Your task is to output the listing word for word, with pictures excluded.

Data excerpt:
--------

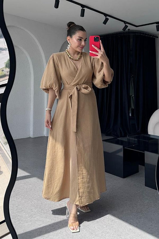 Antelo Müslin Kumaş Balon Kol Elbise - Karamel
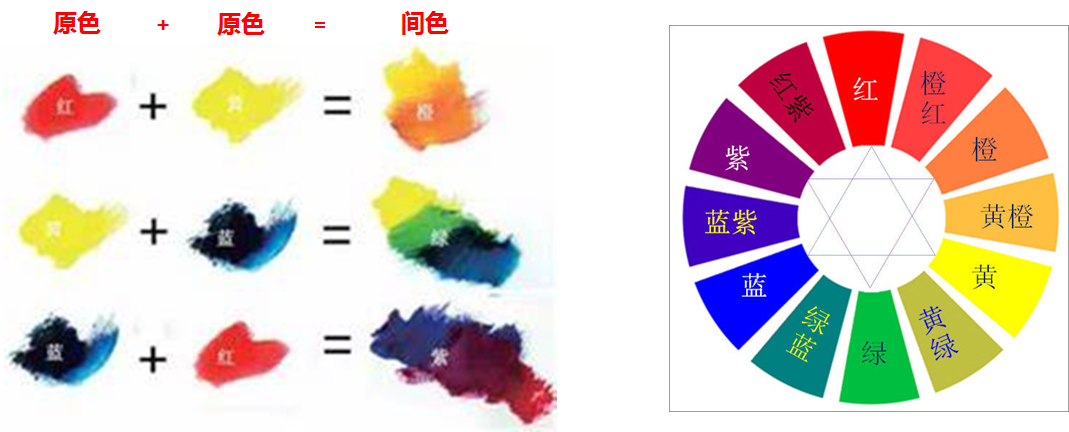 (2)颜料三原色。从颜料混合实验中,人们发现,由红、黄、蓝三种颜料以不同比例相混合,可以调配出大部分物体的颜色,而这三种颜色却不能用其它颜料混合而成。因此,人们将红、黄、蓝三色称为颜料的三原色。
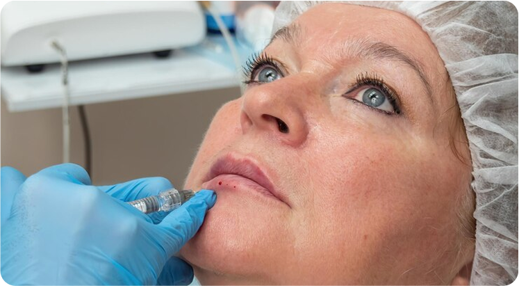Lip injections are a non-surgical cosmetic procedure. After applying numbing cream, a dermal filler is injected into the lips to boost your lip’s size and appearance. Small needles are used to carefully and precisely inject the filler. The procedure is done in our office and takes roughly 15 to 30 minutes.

--------

Written answer:
 Antelo Müslin Kumaş Balon Kol Elbise - Karamel
 (2)颜料三原色。从颜料混合实验中,人们发现,由红、黄、蓝三种颜料以不同比例相混合,可以调配出大部分物体的颜色,而这三种颜色却不能用其它颜料混合而成。因此,人们将红、黄、蓝三色称为颜料的三原色。
Lip injections are a non-surgical cosmetic procedure. After applying numbing cream, a dermal filler is injected into the lips to boost your lip’s size and appearance. Small needles are used to carefully and precisely inject the filler. The procedure is done in our office and takes roughly 15 to 30 minutes.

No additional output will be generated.